WEATHER Nice spring-like conditions
: Hazy, some scraggly cus appeared along a weak convergence line, which stayed close to the field most of the afternoon.
: Very light out of the Southeast and East.
: 3000 AGL on tow, about 2800 MSL in soaring flight.
: 45 minutes
: 2 kts. steady, occasional 3 kts.
: about 70 deg. F.
: Nice spring-like day. A weak convergence line was almost stationary during the afternoon over, and just to the west of the field, marked by some cus. This enabled soaring flights by the 1-26 and the Orange Crush. In the Orange Crush, we did best by just flying straight along the clouds marking the convergence line, rather than stopping to circle. We made 2 round trip runs from North of the field down to the prison and back, and gained about 600ft in the process.
s: Dan Gudgel, Harry Davies, Harold Gallagher
Donuts: Craig Gifford
Coffee brewed by: Alex Caldwell (didn't drink any).
Craig Gifford flies the 1-26
Craig made a great first take off, tow and landing in the 1-26. This video shows the landing. If you listen closely, you can hear what it sounds like when a wheel bearing has gone out! There's also something not quite right about my camera's exposure setting.
Enjoy it while it lasts! Photo by Harold and Dan.
If only it stayed like this all year long! Photo by Skip Breidbach.
Spring is almost here! We have some yellow flowers and some blue ones, species unkown.
Andy runs wing for Tyler Bishop. Photo by Skip Breidbach.

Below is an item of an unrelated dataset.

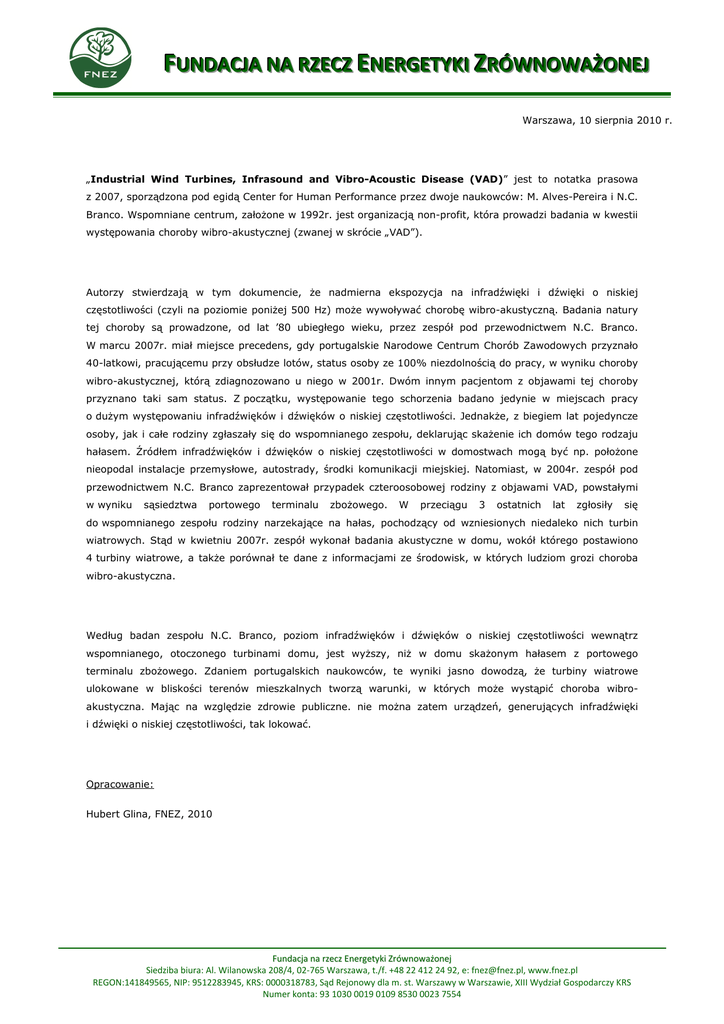 FUUNNDDAACCJJAA NNAA RRZZEECCZZ ENNEERRGGEETTYYKKII ZRRÓÓW WN NO OW WAAŻŻO ON NEEJJ Warszawa, 10 sierpnia 2010 r. „Industrial Wind Turbines, Infrasound and Vibro-Acoustic Disease (VAD)” jest to notatka prasowa z 2007, sporządzona pod egidą Center for Human Performance przez dwoje naukowców: M. Alves-Pereira i N.C. Branco. Wspomniane centrum, założone w 1992r. jest organizacją non-profit, która prowadzi badania w kwestii występowania choroby wibro-akustycznej (zwanej w skrócie „VAD”). Autorzy stwierdzają w tym dokumencie, że nadmierna ekspozycja na infradźwięki i dźwięki o niskiej częstotliwości (czyli na poziomie poniżej 500 Hz) może wywoływać chorobę wibro-akustyczną. Badania natury tej choroby są prowadzone, od lat ’80 ubiegłego wieku, przez zespół pod przewodnictwem N.C. Branco. W marcu 2007r. miał miejsce precedens, gdy portugalskie Narodowe Centrum Chorób Zawodowych przyznało 40-latkowi, pracującemu przy obsłudze lotów, status osoby ze 100% niezdolnością do pracy, w wyniku choroby wibro-akustycznej, którą zdiagnozowano u niego w 2001r. Dwóm innym pacjentom z objawami tej choroby przyznano taki sam status. Z początku, występowanie tego schorzenia badano jedynie w miejscach pracy o dużym występowaniu infradźwięków i dźwięków o niskiej częstotliwości. Jednakże, z biegiem lat pojedyncze osoby, jak i całe rodziny zgłaszały się do wspomnianego zespołu, deklarując skażenie ich domów tego rodzaju hałasem. Źródłem infradźwięków i dźwięków o niskiej częstotliwości w domostwach mogą być np. położone nieopodal instalacje przemysłowe, autostrady, środki komunikacji miejskiej. Natomiast, w 2004r. zespół pod przewodnictwem N.C. Branco zaprezentował przypadek czteroosobowej rodziny z objawami VAD, powstałymi w wyniku sąsiedztwa portowego terminalu zbożowego. W przeciągu 3 ostatnich lat zgłosiły się do wspomnianego zespołu rodziny narzekające na hałas, pochodzący od wzniesionych niedaleko nich turbin wiatrowych. Stąd w kwietniu 2007r. zespół wykonał badania akustyczne w domu, wokół którego postawiono 4 turbiny wiatrowe, a także porównał te dane z informacjami ze środowisk, w których ludziom grozi choroba wibro-akustyczna. Według badan zespołu N.C. Branco, poziom infradźwięków i dźwięków o niskiej częstotliwości wewnątrz wspomnianego, otoczonego turbinami domu, jest wyższy, niż w domu skażonym hałasem z portowego terminalu zbożowego. Zdaniem portugalskich naukowców, te wyniki jasno dowodzą, że turbiny wiatrowe ulokowane w bliskości terenów mieszkalnych tworzą warunki, w których może wystąpić choroba wibroakustyczna. Mając na względzie zdrowie publiczne. nie można zatem urządzeń, generujących infradźwięki i dźwięki o niskiej częstotliwości, tak lokować. Opracowanie: Hubert Glina, FNEZ, 2010 Fundacja na rzecz Energetyki Zrównoważonej Siedziba biura: Al. Wilanowska 208/4, 02-765 Warszawa, t./f. +48 22 412 24 92, e: [email protected], www.fnez.pl REGON:141849565, NIP: 9512283945, KRS: 0000318783, Sąd Rejonowy dla m. st. Warszawy w Warszawie, XIII Wydział Gospodarczy KRS Numer konta: 93 1030 0019 0109 8530 0023 7554

It was warm and sunny at Avenal. Very nice weather, compared to the fog in the Central Valley. Martin Caskey's good friend Dennis came over, and told us it was foggy at Paso Robles also, so he had to drive out instead of his usual mode of transport - flying his Piper tail-dragger, poor guy!
Craig Gifford flew with Alex in Orange Crush to knock the rust off after a winter lay-off following his win of the coveted "Iron Butt" award last year. Photo by Skip Breidbach.
Either Andy, Tyler or Craig taking off in the 1-26. Photo by Skip Breidbach.
Tyler Bishop moving the 1-26 back to take-off area after his landing. He was able to stay up for some time in the convergence, flying with the Orange Crush. Photo by Andy Reistetter.
Plenty of smashed bugs accumulated on the leading edges. A sure sign that spring is almost here, and there are already thermals!
Jaimie Strickland and Harold Gallagher on another training flight. Jaimie is off to a great start, and seems to be enjoying her flying.
Wheel bearing went out on left side on the 1-26. Will need to be repaired before it is flown again.
Other pilots at the field today included Andy Reistetter who flew the 1-26, Skip Breidbach, who flew with Harold, helped out, and took some nice pictures.
Dan and Graeme McIntosh started flying early, and had made a lot of tows before any of the rest of us even got out to the field. Graeme did 15 rope breaks, and met his time and flight requirements to enter the Canadian instructor course this summer. Dan then flew with Philip Gerfaud. Philip is working hard on his rating, and has flown several different types of gliders in Europe that we can only dream about here in the U.S. Well, I can say I have flown the Schweizer 2-22, the 2-33, 2-33A, 1-26A, 1-26B, 1-26C, 1-26D and 1-26E. But that doesn't sound as good as some of the European gliders I'd like to try out.
Thanks to Craig for the Donuts!
We made a total of 28 tows today. Thanks to the tow pilots and the mechanics who have kept our tow plane going!
Thanks to Harold for the $600 Coalinga fuel run, without which none of this fun would have happened!
From Bart's Avenal RASP forecast for the day from the previous evening.
The Hcrit represents the height that an average "Joe Glider Pilot" might be expected to achieve. It was pretty close to what we got in the convergence, about 2800ft. MSL. Avenal is No. 1 on the map for reference.
There was a convergence line during the day that was predicted here by the RASP. The line we actually got was just a little bit North of what is indicated here, by a mile or two, but the orientation of the line was accurate.
The surface winds are interesting here in relation to the convergence line. They are light out of the East on the East side of the Convergence and just a little stronger out of the West SW on the west side of the line. This is what we saw from our perspective at the field. So the winds appeared to be feeding into the convergence line that we flew.
The predicted thermal height indicated by the RASP skew-T Avenal sounding forecast was not too far off. However, there did appear to be somewhat more moisture in the atmosphere than what the RASP predicted, as the convergence line was marked by some scraggly cus most of the day. Later in the day, higher, thicker clouds started building up over the Black Mountain / Castle Peak area to the West, and we could see virga and actual rain over the mountains by about 5:00p.m. This did not seem to be predicted by the RASP. The Forecast discussion indicated a low was centered right near Fresno, and was starting to build strength right in our local area, so the RASP may have been somewhat off on the timing of that event.